## EXCERPTED RECORDS

********

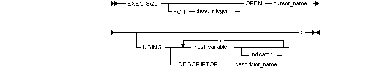 where FOR :host_integer specifies the maximum number of host array elements processed, cursor_name refers to a cursor defined in a previous DECLARE CURSOR statement, USING specifies a descriptor or a list of host variables substituted for placeholders in a PREPAREd string, descriptor_name identifies a descriptor referenced in a previous DESCRIBE statement, and indicator stands for the following syntax:
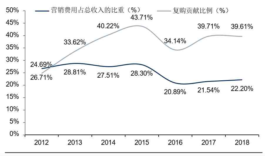 (某自营B2C网站营销费用及复购贡献占比情况;资料来源:公司公告、国信证券经济研究所整理)
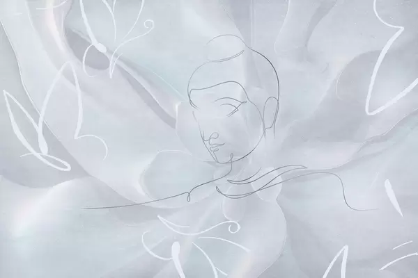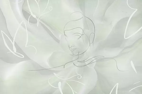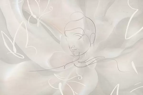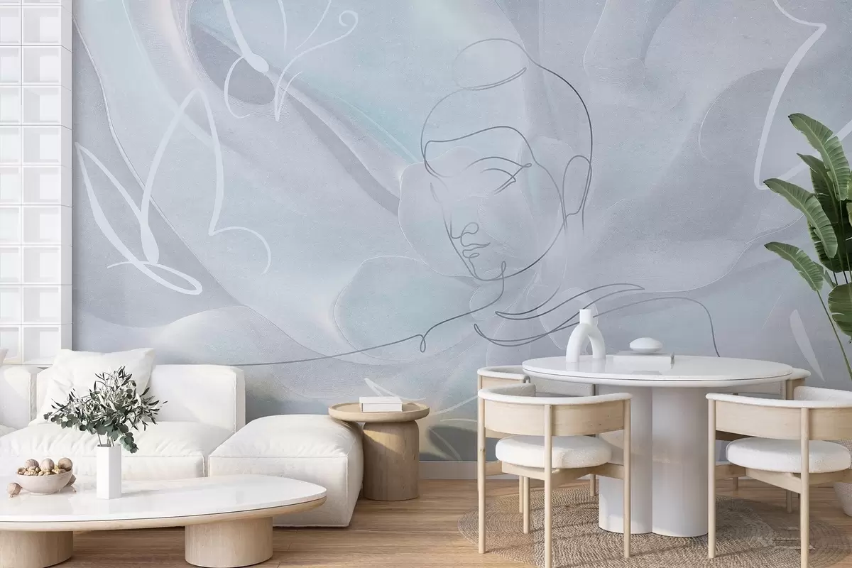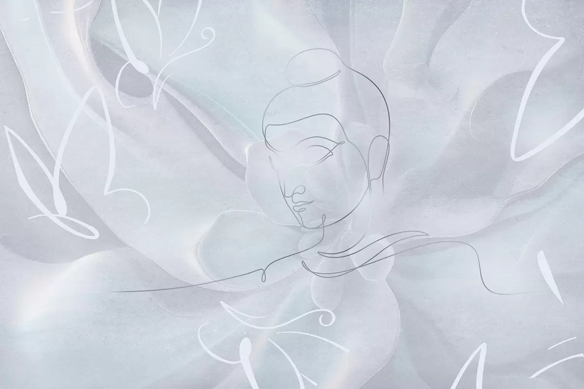 Valokuvatapetti Floral abstraktio Buddha viiva piirustus, siniset värit Nr w04004v1
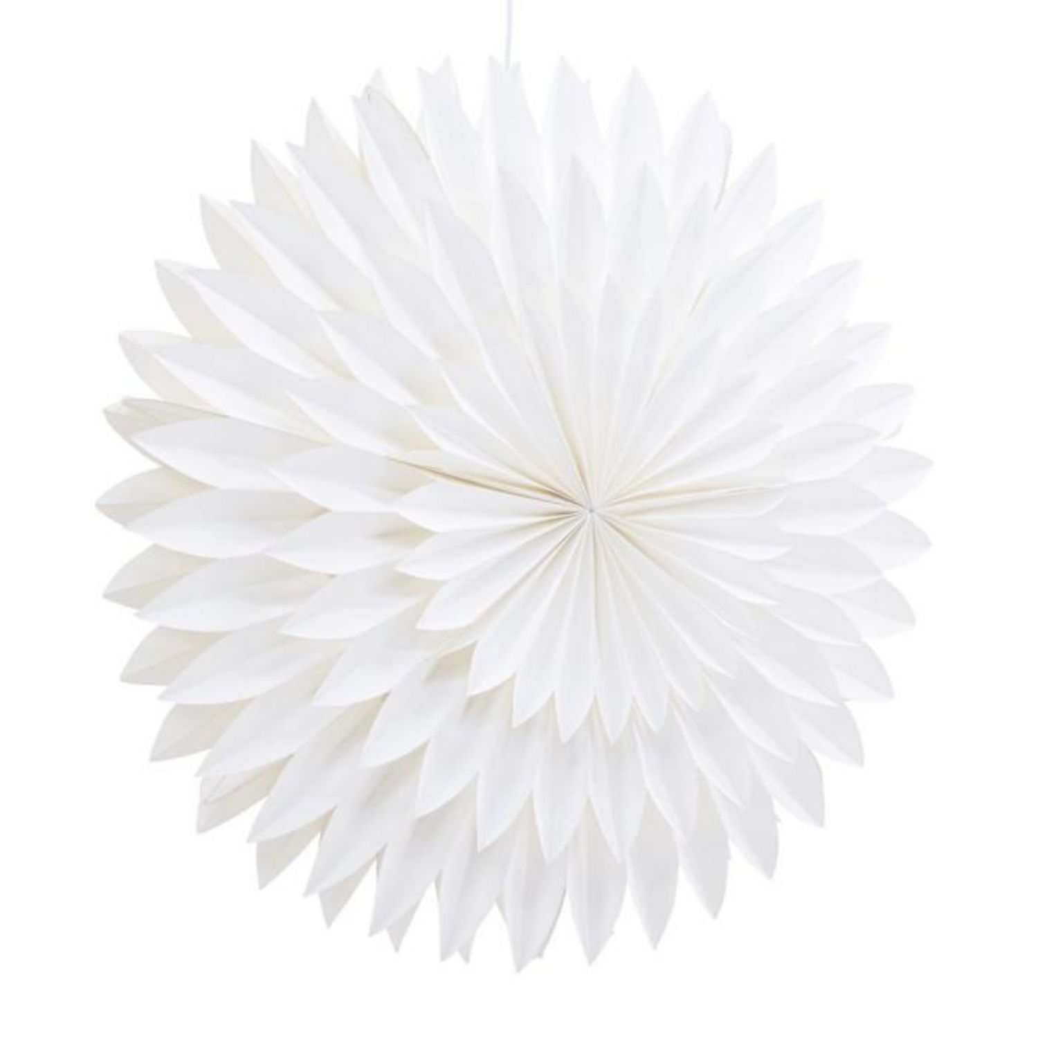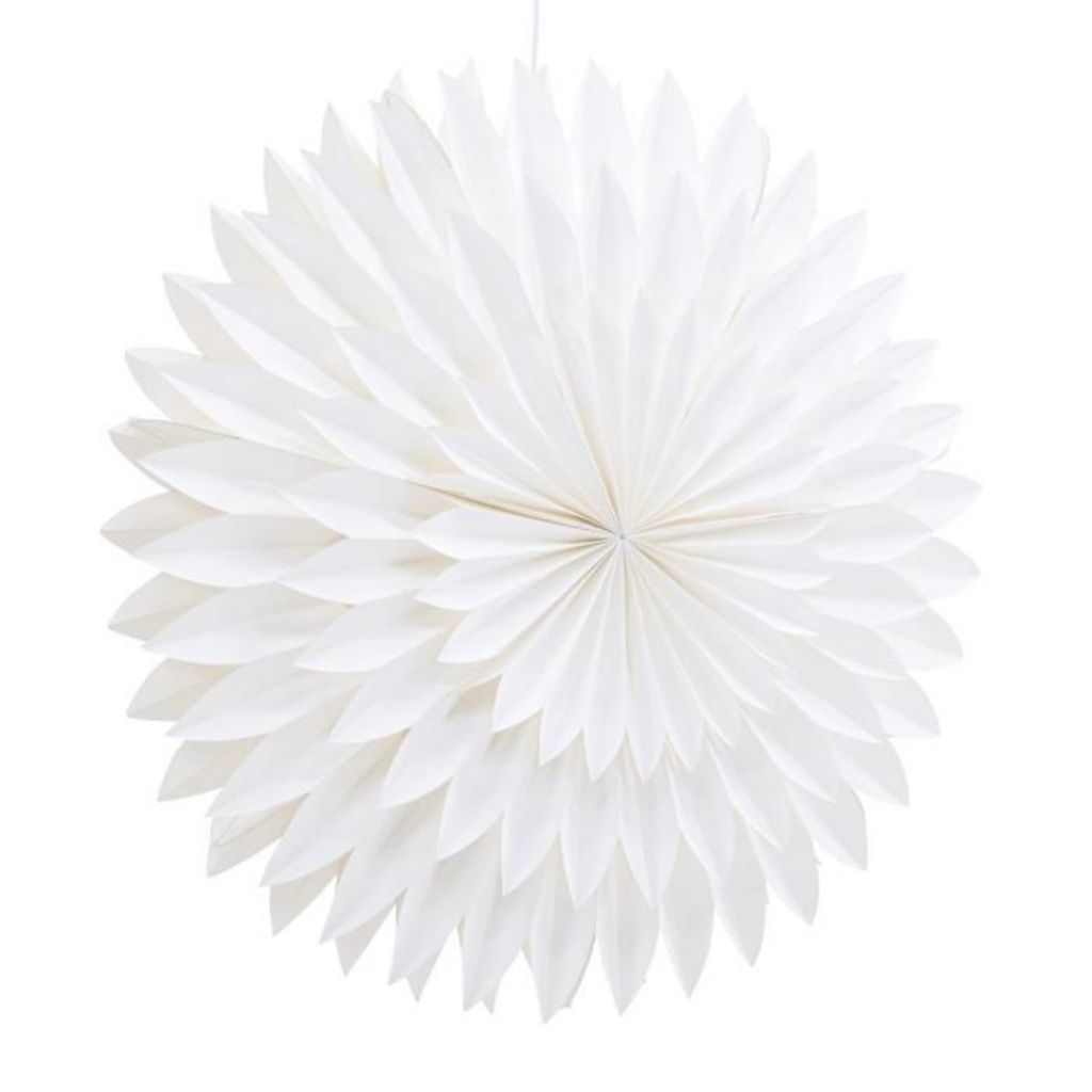 Informations Techniques : Dimensions : D. 60 cm Matières : Papier & PVC Spécificités : Pratique & Tendance Lampe suspension déco Design fleur Ampoule non incluse Douille : E14 Poids : 0,7 kg Couleur : Blanc
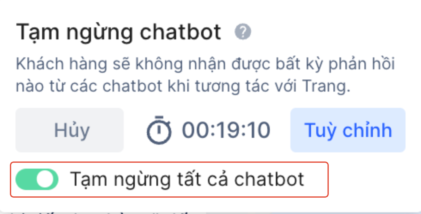 Ví dụ: Thời gian nhân viên cài đặt tạm ngừng chatbot là 30 phút nhưng thời gian đếm ngược đến hiện tại là còn 27 phút → nhân viên tăng thời gian tạm ngừng chatbot thêm 10 phút → Thời gian đếm ngược được tính từ đầu lại sẽ là 40 phút (30 phút ban đầu đã chọn + 10 phút vừa tăng)

********

## PROBLEM STATEMENT
Word for word, set down each record shown above, omitting the pictures.

## ANSWER SPACE
 where FOR :host_integer specifies the maximum number of host array elements processed, cursor_name refers to a cursor defined in a previous DECLARE CURSOR statement, USING specifies a descriptor or a list of host variables substituted for placeholders in a PREPAREd string, descriptor_name identifies a descriptor referenced in a previous DESCRIBE statement, and indicator stands for the following syntax:
 (某自营B2C网站营销费用及复购贡献占比情况;资料来源:公司公告、国信证券经济研究所整理)
 Valokuvatapetti Floral abstraktio Buddha viiva piirustus, siniset värit Nr w04004v1
 Informations Techniques : Dimensions : D. 60 cm Matières : Papier & PVC Spécificités : Pratique & Tendance Lampe suspension déco Design fleur Ampoule non incluse Douille : E14 Poids : 0,7 kg Couleur : Blanc
 Ví dụ: Thời gian nhân viên cài đặt tạm ngừng chatbot là 30 phút nhưng thời gian đếm ngược đến hiện tại là còn 27 phút → nhân viên tăng thời gian tạm ngừng chatbot thêm 10 phút → Thời gian đếm ngược được tính từ đầu lại sẽ là 40 phút (30 phút ban đầu đã chọn + 10 phút vừa tăng)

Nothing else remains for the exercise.